**What you should do:**
Leaving out the images, please output every entry exactly as it appears.

Excerpts from a dataset
※ ※ ※
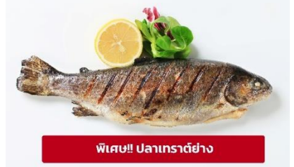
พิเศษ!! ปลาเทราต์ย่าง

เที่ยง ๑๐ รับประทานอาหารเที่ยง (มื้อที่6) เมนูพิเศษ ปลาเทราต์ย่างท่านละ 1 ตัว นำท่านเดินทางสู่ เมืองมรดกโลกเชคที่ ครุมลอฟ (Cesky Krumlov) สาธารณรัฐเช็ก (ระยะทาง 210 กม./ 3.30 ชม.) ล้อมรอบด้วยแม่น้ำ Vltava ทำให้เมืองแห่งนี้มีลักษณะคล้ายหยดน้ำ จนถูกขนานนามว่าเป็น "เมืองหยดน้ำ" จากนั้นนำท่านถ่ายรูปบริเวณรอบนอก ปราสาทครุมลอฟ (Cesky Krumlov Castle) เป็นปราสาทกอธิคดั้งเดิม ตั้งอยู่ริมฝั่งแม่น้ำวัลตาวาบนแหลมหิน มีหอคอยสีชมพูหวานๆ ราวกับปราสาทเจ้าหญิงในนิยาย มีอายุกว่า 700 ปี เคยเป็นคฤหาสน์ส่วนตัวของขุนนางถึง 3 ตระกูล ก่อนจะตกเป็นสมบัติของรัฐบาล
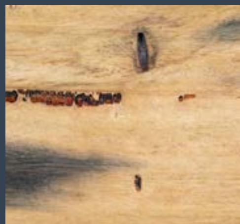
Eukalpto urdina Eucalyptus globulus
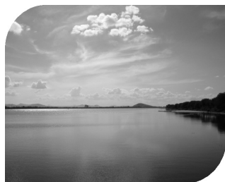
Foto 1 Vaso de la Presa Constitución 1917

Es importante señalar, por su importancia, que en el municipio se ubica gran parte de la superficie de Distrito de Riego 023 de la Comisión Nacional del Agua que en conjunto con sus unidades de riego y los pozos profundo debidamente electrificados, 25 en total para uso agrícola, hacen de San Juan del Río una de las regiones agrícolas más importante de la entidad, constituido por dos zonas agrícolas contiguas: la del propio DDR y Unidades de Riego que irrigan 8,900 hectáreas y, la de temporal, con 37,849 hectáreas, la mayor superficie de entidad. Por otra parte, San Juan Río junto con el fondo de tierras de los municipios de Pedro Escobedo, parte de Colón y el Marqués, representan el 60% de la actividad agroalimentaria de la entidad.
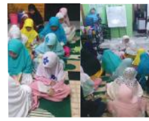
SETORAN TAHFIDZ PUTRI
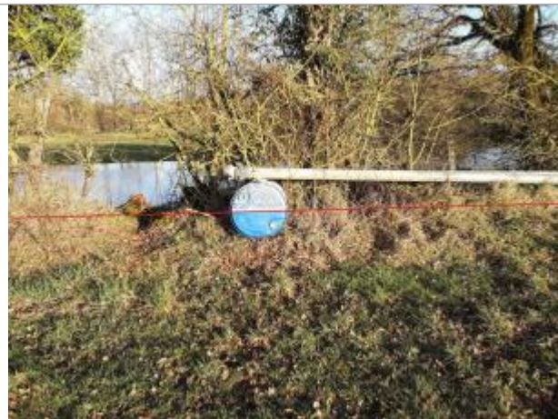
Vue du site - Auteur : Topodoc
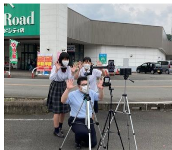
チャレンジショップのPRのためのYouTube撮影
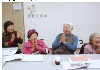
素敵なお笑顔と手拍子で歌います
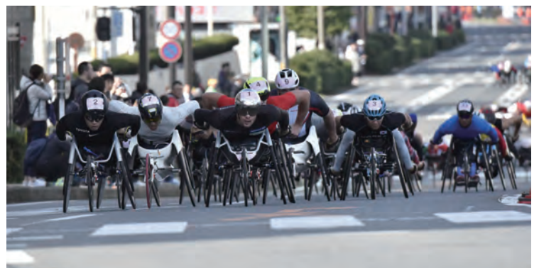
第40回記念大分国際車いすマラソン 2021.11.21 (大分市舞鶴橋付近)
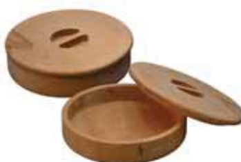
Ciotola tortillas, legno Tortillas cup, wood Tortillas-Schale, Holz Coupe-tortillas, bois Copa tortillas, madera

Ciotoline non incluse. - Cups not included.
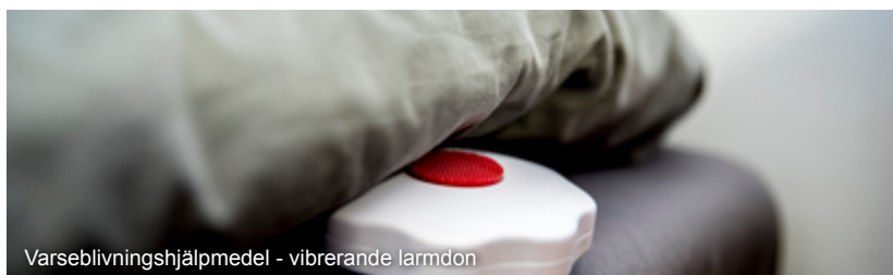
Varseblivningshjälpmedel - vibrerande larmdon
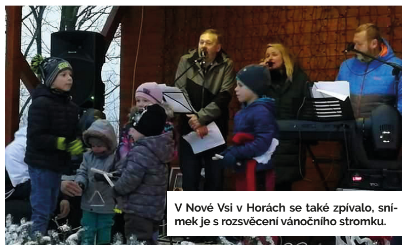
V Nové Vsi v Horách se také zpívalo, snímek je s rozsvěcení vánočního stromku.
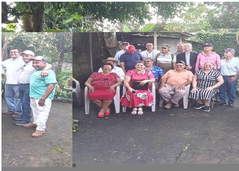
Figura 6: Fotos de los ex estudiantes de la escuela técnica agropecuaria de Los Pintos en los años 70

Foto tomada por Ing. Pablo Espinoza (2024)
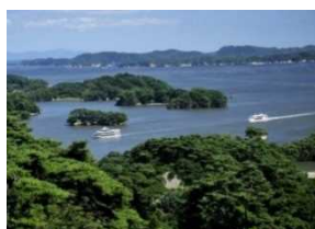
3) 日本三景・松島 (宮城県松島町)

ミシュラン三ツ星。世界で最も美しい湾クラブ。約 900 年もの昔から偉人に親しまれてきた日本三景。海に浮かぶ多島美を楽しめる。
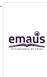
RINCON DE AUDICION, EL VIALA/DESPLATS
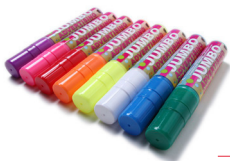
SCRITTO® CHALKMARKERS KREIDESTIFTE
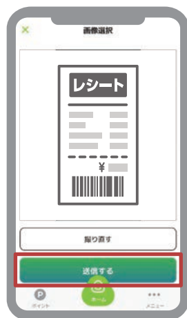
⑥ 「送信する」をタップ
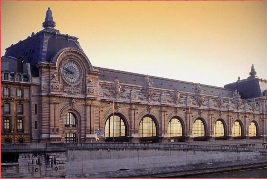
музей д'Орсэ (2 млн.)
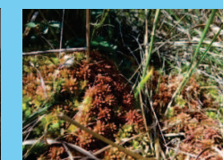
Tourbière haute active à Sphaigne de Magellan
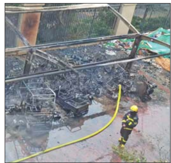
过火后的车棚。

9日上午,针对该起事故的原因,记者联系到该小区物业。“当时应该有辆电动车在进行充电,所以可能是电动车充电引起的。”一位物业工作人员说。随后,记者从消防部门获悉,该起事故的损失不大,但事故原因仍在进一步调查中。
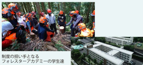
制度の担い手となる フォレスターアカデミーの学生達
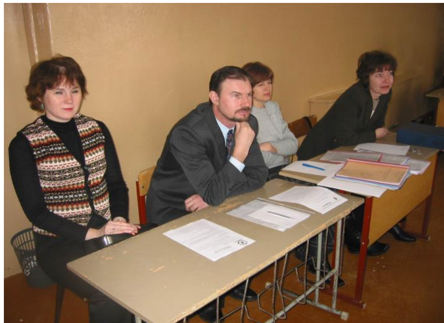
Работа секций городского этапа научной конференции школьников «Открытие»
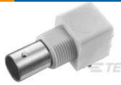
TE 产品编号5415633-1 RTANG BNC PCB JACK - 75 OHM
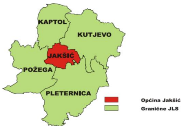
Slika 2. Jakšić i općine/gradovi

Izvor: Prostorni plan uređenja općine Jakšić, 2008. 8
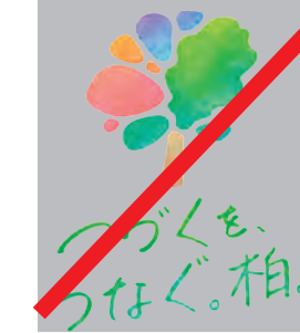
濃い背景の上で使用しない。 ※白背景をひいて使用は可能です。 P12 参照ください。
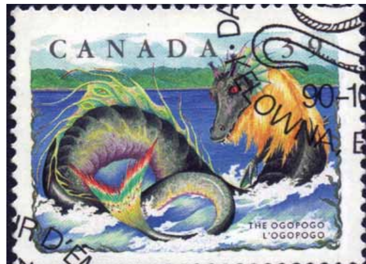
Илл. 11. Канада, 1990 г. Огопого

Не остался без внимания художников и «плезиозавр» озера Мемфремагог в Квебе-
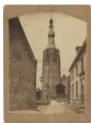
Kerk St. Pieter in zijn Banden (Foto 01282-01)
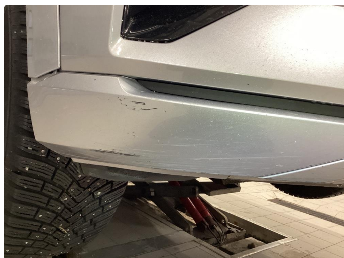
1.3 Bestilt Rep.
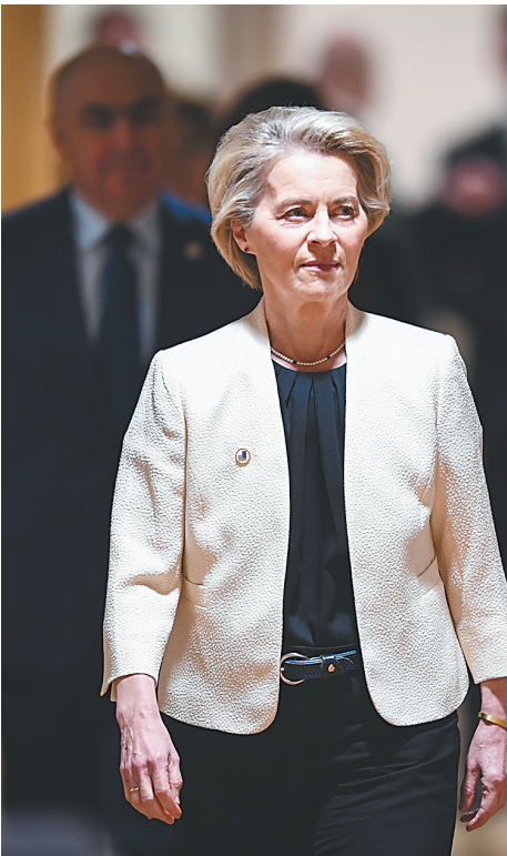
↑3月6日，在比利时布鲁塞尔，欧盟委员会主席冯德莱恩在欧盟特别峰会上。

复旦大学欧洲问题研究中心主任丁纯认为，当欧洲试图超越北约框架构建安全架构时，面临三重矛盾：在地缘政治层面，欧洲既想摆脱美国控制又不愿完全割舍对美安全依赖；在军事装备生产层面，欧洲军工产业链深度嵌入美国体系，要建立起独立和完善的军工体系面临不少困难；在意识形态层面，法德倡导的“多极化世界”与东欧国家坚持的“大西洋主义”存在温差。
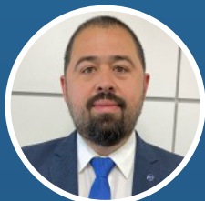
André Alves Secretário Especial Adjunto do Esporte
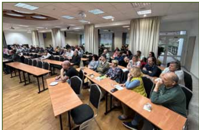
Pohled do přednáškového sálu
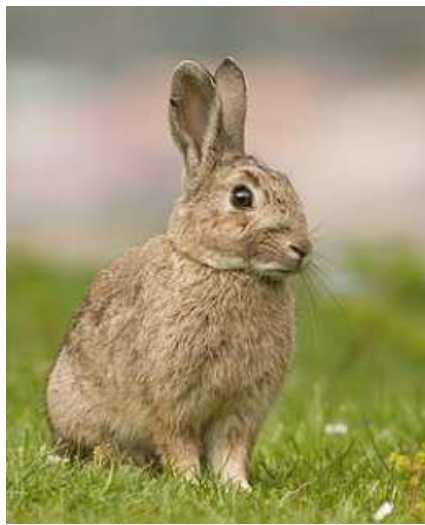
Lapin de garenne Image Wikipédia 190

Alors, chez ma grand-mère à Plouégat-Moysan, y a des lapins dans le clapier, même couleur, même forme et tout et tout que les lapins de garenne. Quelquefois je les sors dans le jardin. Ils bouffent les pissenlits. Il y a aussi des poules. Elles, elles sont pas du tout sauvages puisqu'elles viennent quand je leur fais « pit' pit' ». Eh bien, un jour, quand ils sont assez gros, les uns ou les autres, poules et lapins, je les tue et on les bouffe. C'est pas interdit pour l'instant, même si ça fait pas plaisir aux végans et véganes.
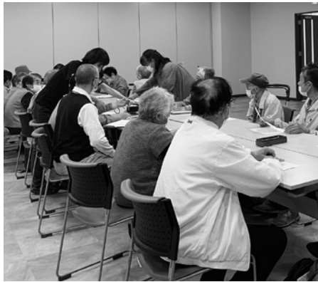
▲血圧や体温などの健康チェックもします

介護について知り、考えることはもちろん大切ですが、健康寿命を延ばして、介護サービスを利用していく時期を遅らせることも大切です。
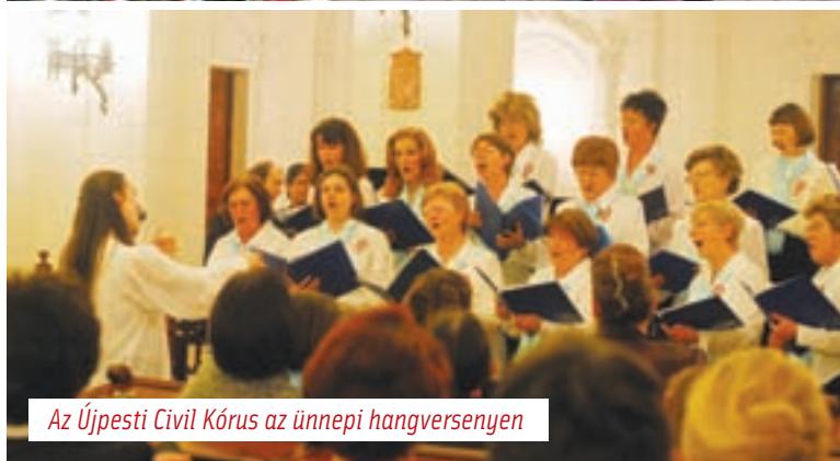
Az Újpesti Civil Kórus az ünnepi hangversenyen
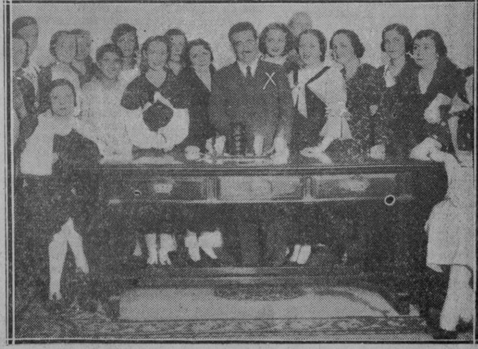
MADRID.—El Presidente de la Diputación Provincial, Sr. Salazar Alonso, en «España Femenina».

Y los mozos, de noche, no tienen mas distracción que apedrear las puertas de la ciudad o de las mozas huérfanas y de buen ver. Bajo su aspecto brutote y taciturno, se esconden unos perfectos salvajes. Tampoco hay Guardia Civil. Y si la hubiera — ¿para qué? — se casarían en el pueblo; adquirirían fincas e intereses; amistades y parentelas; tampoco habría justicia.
※ ※ ※
**Response:**
พิเศษ!! ปลาเทราต์ย่าง

เที่ยง ๑๐ รับประทานอาหารเที่ยง (มื้อที่6) เมนูพิเศษ ปลาเทราต์ย่างท่านละ 1 ตัว นำท่านเดินทางสู่ เมืองมรดกโลกเชคที่ ครุมลอฟ (Cesky Krumlov) สาธารณรัฐเช็ก (ระยะทาง 210 กม./ 3.30 ชม.) ล้อมรอบด้วยแม่น้ำ Vltava ทำให้เมืองแห่งนี้มีลักษณะคล้ายหยดน้ำ จนถูกขนานนามว่าเป็น "เมืองหยดน้ำ" จากนั้นนำท่านถ่ายรูปบริเวณรอบนอก ปราสาทครุมลอฟ (Cesky Krumlov Castle) เป็นปราสาทกอธิคดั้งเดิม ตั้งอยู่ริมฝั่งแม่น้ำวัลตาวาบนแหลมหิน มีหอคอยสีชมพูหวานๆ ราวกับปราสาทเจ้าหญิงในนิยาย มีอายุกว่า 700 ปี เคยเป็นคฤหาสน์ส่วนตัวของขุนนางถึง 3 ตระกูล ก่อนจะตกเป็นสมบัติของรัฐบาล
Eukalpto urdina Eucalyptus globulus
Foto 1 Vaso de la Presa Constitución 1917

Es importante señalar, por su importancia, que en el municipio se ubica gran parte de la superficie de Distrito de Riego 023 de la Comisión Nacional del Agua que en conjunto con sus unidades de riego y los pozos profundo debidamente electrificados, 25 en total para uso agrícola, hacen de San Juan del Río una de las regiones agrícolas más importante de la entidad, constituido por dos zonas agrícolas contiguas: la del propio DDR y Unidades de Riego que irrigan 8,900 hectáreas y, la de temporal, con 37,849 hectáreas, la mayor superficie de entidad. Por otra parte, San Juan Río junto con el fondo de tierras de los municipios de Pedro Escobedo, parte de Colón y el Marqués, representan el 60% de la actividad agroalimentaria de la entidad.
SETORAN TAHFIDZ PUTRI
Vue du site - Auteur : Topodoc
チャレンジショップのPRのためのYouTube撮影
素敵なお笑顔と手拍子で歌います
第40回記念大分国際車いすマラソン 2021.11.21 (大分市舞鶴橋付近)
Ciotola tortillas, legno Tortillas cup, wood Tortillas-Schale, Holz Coupe-tortillas, bois Copa tortillas, madera

Ciotoline non incluse. - Cups not included.
Varseblivningshjälpmedel - vibrerande larmdon
V Nové Vsi v Horách se také zpívalo, snímek je s rozsvěcení vánočního stromku.
Figura 6: Fotos de los ex estudiantes de la escuela técnica agropecuaria de Los Pintos en los años 70

Foto tomada por Ing. Pablo Espinoza (2024)
3) 日本三景・松島 (宮城県松島町)

ミシュラン三ツ星。世界で最も美しい湾クラブ。約 900 年もの昔から偉人に親しまれてきた日本三景。海に浮かぶ多島美を楽しめる。
RINCON DE AUDICION, EL VIALA/DESPLATS
SCRITTO® CHALKMARKERS KREIDESTIFTE
⑥ 「送信する」をタップ
музей д'Орсэ (2 млн.)
Tourbière haute active à Sphaigne de Magellan
过火后的车棚。

9日上午,针对该起事故的原因,记者联系到该小区物业。“当时应该有辆电动车在进行充电,所以可能是电动车充电引起的。”一位物业工作人员说。随后,记者从消防部门获悉,该起事故的损失不大,但事故原因仍在进一步调查中。
制度の担い手となる フォレスターアカデミーの学生達
Работа секций городского этапа научной конференции школьников «Открытие»
TE 产品编号5415633-1 RTANG BNC PCB JACK - 75 OHM
Slika 2. Jakšić i općine/gradovi

Izvor: Prostorni plan uređenja općine Jakšić, 2008. 8
濃い背景の上で使用しない。 ※白背景をひいて使用は可能です。 P12 参照ください。
Илл. 11. Канада, 1990 г. Огопого

Не остался без внимания художников и «плезиозавр» озера Мемфремагог в Квебе-
Kerk St. Pieter in zijn Banden (Foto 01282-01)
1.3 Bestilt Rep.
↑3月6日，在比利时布鲁塞尔，欧盟委员会主席冯德莱恩在欧盟特别峰会上。

复旦大学欧洲问题研究中心主任丁纯认为，当欧洲试图超越北约框架构建安全架构时，面临三重矛盾：在地缘政治层面，欧洲既想摆脱美国控制又不愿完全割舍对美安全依赖；在军事装备生产层面，欧洲军工产业链深度嵌入美国体系，要建立起独立和完善的军工体系面临不少困难；在意识形态层面，法德倡导的“多极化世界”与东欧国家坚持的“大西洋主义”存在温差。
André Alves Secretário Especial Adjunto do Esporte
Pohled do přednáškového sálu
Lapin de garenne Image Wikipédia 190

Alors, chez ma grand-mère à Plouégat-Moysan, y a des lapins dans le clapier, même couleur, même forme et tout et tout que les lapins de garenne. Quelquefois je les sors dans le jardin. Ils bouffent les pissenlits. Il y a aussi des poules. Elles, elles sont pas du tout sauvages puisqu'elles viennent quand je leur fais « pit' pit' ». Eh bien, un jour, quand ils sont assez gros, les uns ou les autres, poules et lapins, je les tue et on les bouffe. C'est pas interdit pour l'instant, même si ça fait pas plaisir aux végans et véganes.
▲血圧や体温などの健康チェックもします

介護について知り、考えることはもちろん大切ですが、健康寿命を延ばして、介護サービスを利用していく時期を遅らせることも大切です。
Az Újpesti Civil Kórus az ünnepi hangversenyen
MADRID.—El Presidente de la Diputación Provincial, Sr. Salazar Alonso, en «España Femenina».

Y los mozos, de noche, no tienen mas distracción que apedrear las puertas de la ciudad o de las mozas huérfanas y de buen ver. Bajo su aspecto brutote y taciturno, se esconden unos perfectos salvajes. Tampoco hay Guardia Civil. Y si la hubiera — ¿para qué? — se casarían en el pueblo; adquirirían fincas e intereses; amistades y parentelas; tampoco habría justicia.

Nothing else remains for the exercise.